Future of wind power? I vote for Dutch Windmills and small pinwheels

I recently encountered a state-of-the-art wind tower on the freeway. The base was separated into three parts and the turbine into another three. Carried by six trailers flagged with “wide load” and trailed by escort cars. Yeah, it was big.

The current trend in wind power is to go bigger and bigger with more complex features. Including mag-lev, upper-atmosphere turbines, helicals, loopwings, skyscrapers, and highways (21 different types) .

But, none are more interesting (to me) than the Dutch Windmill and the tiny pinwheels. I really hope our future is a landscape dotted with structural beauties and childhood toys, rather than industrial aluminum.

Doug Selsam’s Sky Serpent uses an array of small rotors to catch more wind for less money. The key to increasing efficiency is to make sure each rotor catches its own fresh flow of wind and not just the wake from the one next to it, as previous multi-rotor turbines have done.

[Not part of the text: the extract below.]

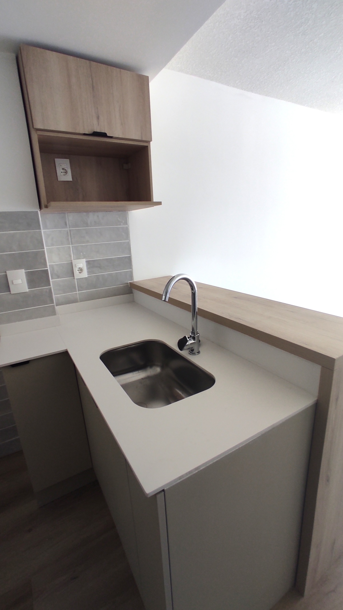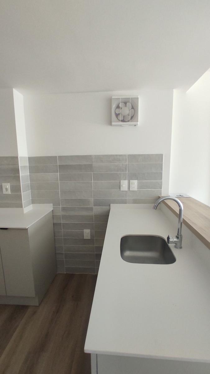 Orientado al frente en 5to piso. Living comedor con cocina integrada, con placares sobre y bajo mesada. Un dormitorio con acceso a terraza. Placard de guardado. Amplio baño y con calefón ya instalado.
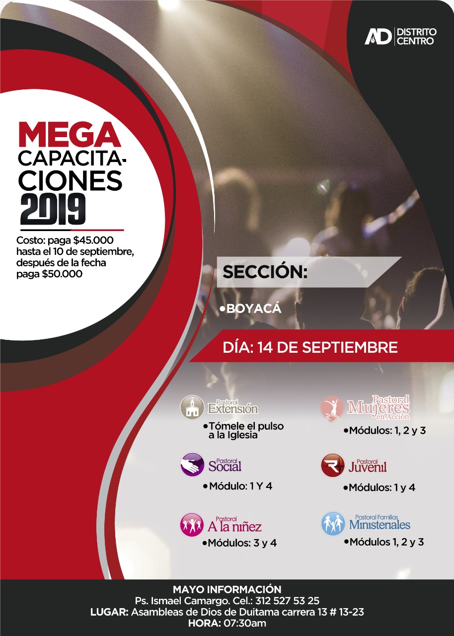 Se trata de la Megacapacitación 2019, un evento que reúne a pastores, líderes de jóvenes, líderes de mujeres, maestros de niños y jóvenes cristianos estudiantes universitarios; con el propósito de crecer en el servicio y trabajo que se lleva a cabo en las iglesias.

That requires figuring out the optimal angle for the shaft in relation to the wind and the ideal spacing between the rotors. The payoff is machines that use one tenth the blade material of today’s mega-turbines yet produce the same wattage. A wonderful and controversial design of which the inventor says:

“This is a 1,000 year-old design” of the single-bladed turbine, “I knew if I could get more rotors, I could get more power.”